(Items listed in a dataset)
▶
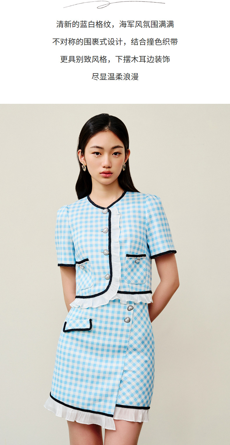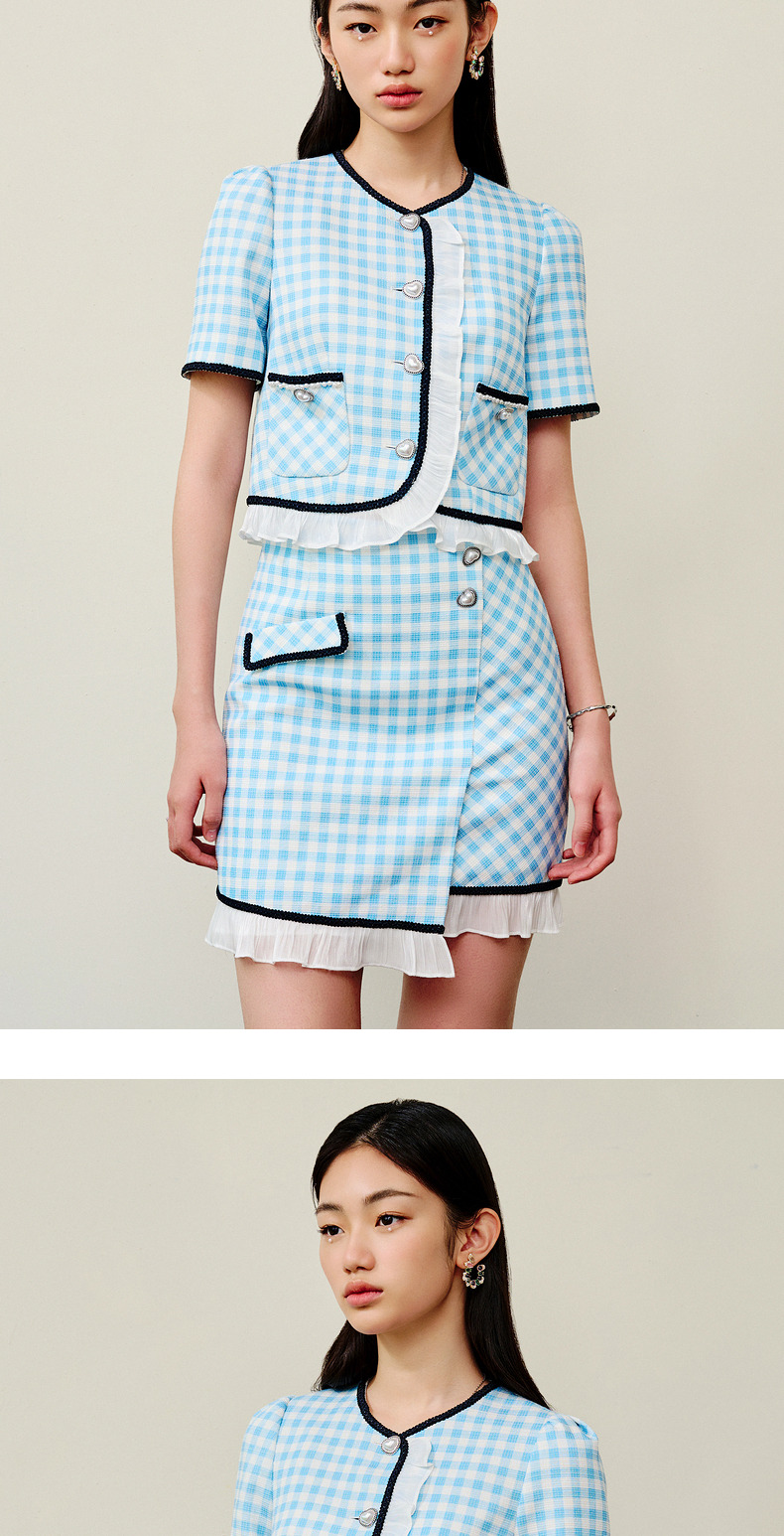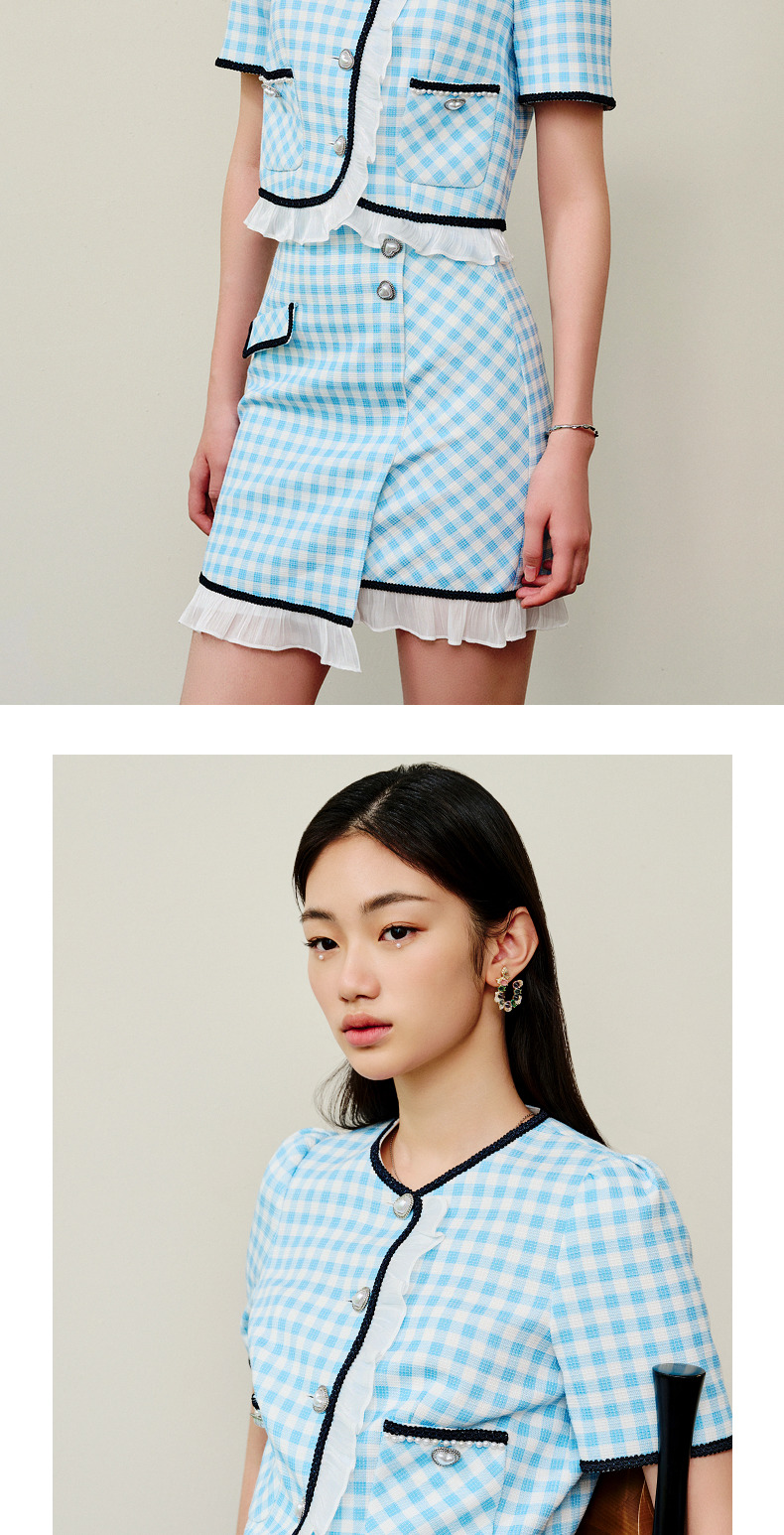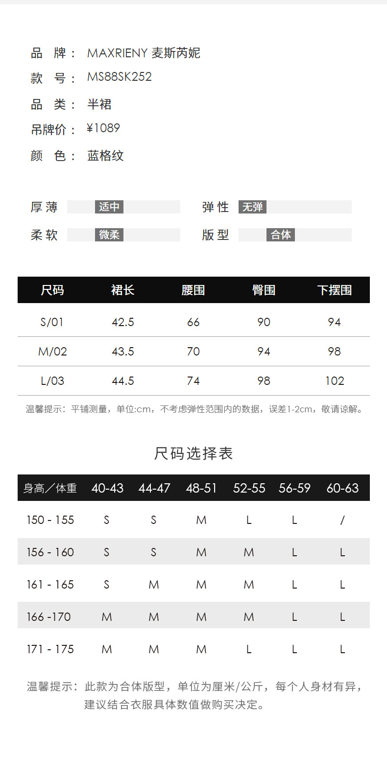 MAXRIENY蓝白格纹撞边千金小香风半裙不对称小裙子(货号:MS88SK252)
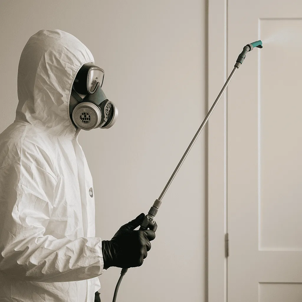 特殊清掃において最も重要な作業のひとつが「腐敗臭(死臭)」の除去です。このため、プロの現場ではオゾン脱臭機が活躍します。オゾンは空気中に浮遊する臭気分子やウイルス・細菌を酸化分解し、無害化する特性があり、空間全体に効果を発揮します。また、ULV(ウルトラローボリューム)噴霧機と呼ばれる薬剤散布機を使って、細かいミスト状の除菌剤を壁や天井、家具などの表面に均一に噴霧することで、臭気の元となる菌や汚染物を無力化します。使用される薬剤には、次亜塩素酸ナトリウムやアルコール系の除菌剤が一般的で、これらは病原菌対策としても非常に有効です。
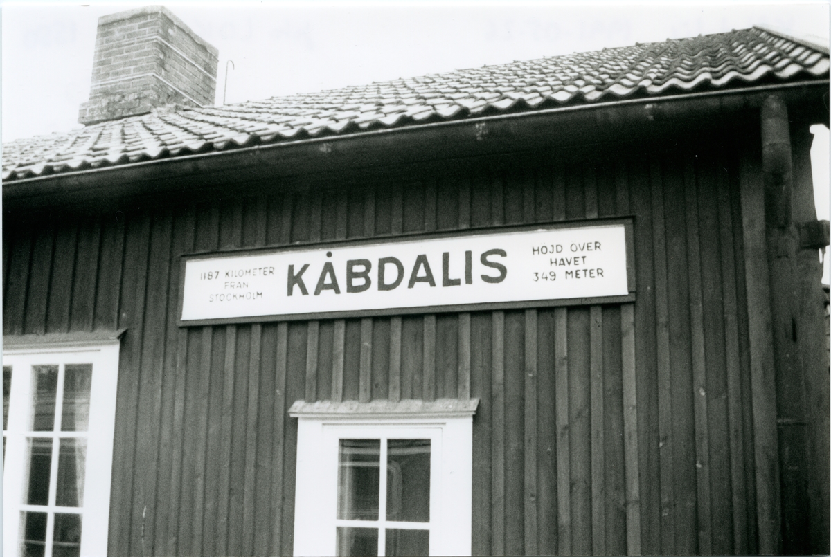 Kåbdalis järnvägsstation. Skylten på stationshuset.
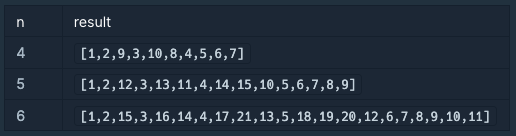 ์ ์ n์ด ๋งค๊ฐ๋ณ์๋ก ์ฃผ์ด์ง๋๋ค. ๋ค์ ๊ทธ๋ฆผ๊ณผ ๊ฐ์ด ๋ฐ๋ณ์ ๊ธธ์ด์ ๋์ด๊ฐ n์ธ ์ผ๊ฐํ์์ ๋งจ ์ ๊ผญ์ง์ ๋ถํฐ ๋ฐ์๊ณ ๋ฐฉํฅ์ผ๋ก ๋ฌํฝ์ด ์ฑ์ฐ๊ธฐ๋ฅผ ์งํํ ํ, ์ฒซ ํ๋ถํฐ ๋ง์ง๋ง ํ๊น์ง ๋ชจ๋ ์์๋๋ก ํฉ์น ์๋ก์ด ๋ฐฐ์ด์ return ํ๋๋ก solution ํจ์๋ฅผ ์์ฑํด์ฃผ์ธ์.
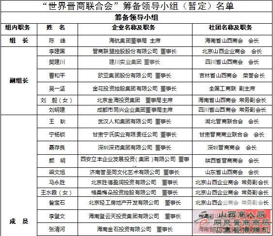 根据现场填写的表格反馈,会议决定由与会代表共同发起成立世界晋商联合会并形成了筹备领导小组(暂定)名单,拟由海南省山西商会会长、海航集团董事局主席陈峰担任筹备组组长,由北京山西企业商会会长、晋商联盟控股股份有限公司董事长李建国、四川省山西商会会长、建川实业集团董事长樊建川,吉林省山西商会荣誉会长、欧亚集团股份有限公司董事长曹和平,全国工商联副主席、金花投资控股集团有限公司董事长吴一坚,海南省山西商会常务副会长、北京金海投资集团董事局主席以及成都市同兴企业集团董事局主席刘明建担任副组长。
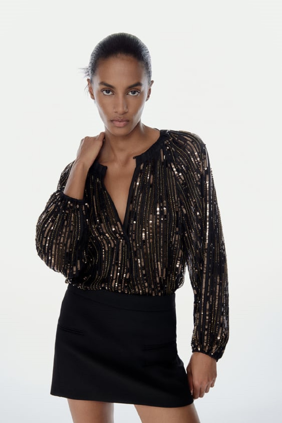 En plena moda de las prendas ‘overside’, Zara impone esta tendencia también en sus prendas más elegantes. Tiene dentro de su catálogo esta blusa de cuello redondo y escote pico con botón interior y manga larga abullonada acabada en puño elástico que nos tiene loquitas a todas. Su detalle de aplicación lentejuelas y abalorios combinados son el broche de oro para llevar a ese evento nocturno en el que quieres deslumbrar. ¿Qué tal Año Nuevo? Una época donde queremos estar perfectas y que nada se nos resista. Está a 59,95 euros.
◀
(What you have to do)
What's needed is an exact copy of the records above from the line containing "特殊清掃において最も重要な作" down to the line containing "solution ํจ์๋ฅผ ์์ฑํด์ฃผ์ธ์.", both included, without any pictures.

(Answer box)
 特殊清掃において最も重要な作業のひとつが「腐敗臭(死臭)」の除去です。このため、プロの現場ではオゾン脱臭機が活躍します。オゾンは空気中に浮遊する臭気分子やウイルス・細菌を酸化分解し、無害化する特性があり、空間全体に効果を発揮します。また、ULV(ウルトラローボリューム)噴霧機と呼ばれる薬剤散布機を使って、細かいミスト状の除菌剤を壁や天井、家具などの表面に均一に噴霧することで、臭気の元となる菌や汚染物を無力化します。使用される薬剤には、次亜塩素酸ナトリウムやアルコール系の除菌剤が一般的で、これらは病原菌対策としても非常に有効です。
 Kåbdalis järnvägsstation. Skylten på stationshuset.
 ์ ์ n์ด ๋งค๊ฐ๋ณ์๋ก ์ฃผ์ด์ง๋๋ค. ๋ค์ ๊ทธ๋ฆผ๊ณผ ๊ฐ์ด ๋ฐ๋ณ์ ๊ธธ์ด์ ๋์ด๊ฐ n์ธ ์ผ๊ฐํ์์ ๋งจ ์ ๊ผญ์ง์ ๋ถํฐ ๋ฐ์๊ณ ๋ฐฉํฅ์ผ๋ก ๋ฌํฝ์ด ์ฑ์ฐ๊ธฐ๋ฅผ ์งํํ ํ, ์ฒซ ํ๋ถํฐ ๋ง์ง๋ง ํ๊น์ง ๋ชจ๋ ์์๋๋ก ํฉ์น ์๋ก์ด ๋ฐฐ์ด์ return ํ๋๋ก solution ํจ์๋ฅผ ์์ฑํด์ฃผ์ธ์.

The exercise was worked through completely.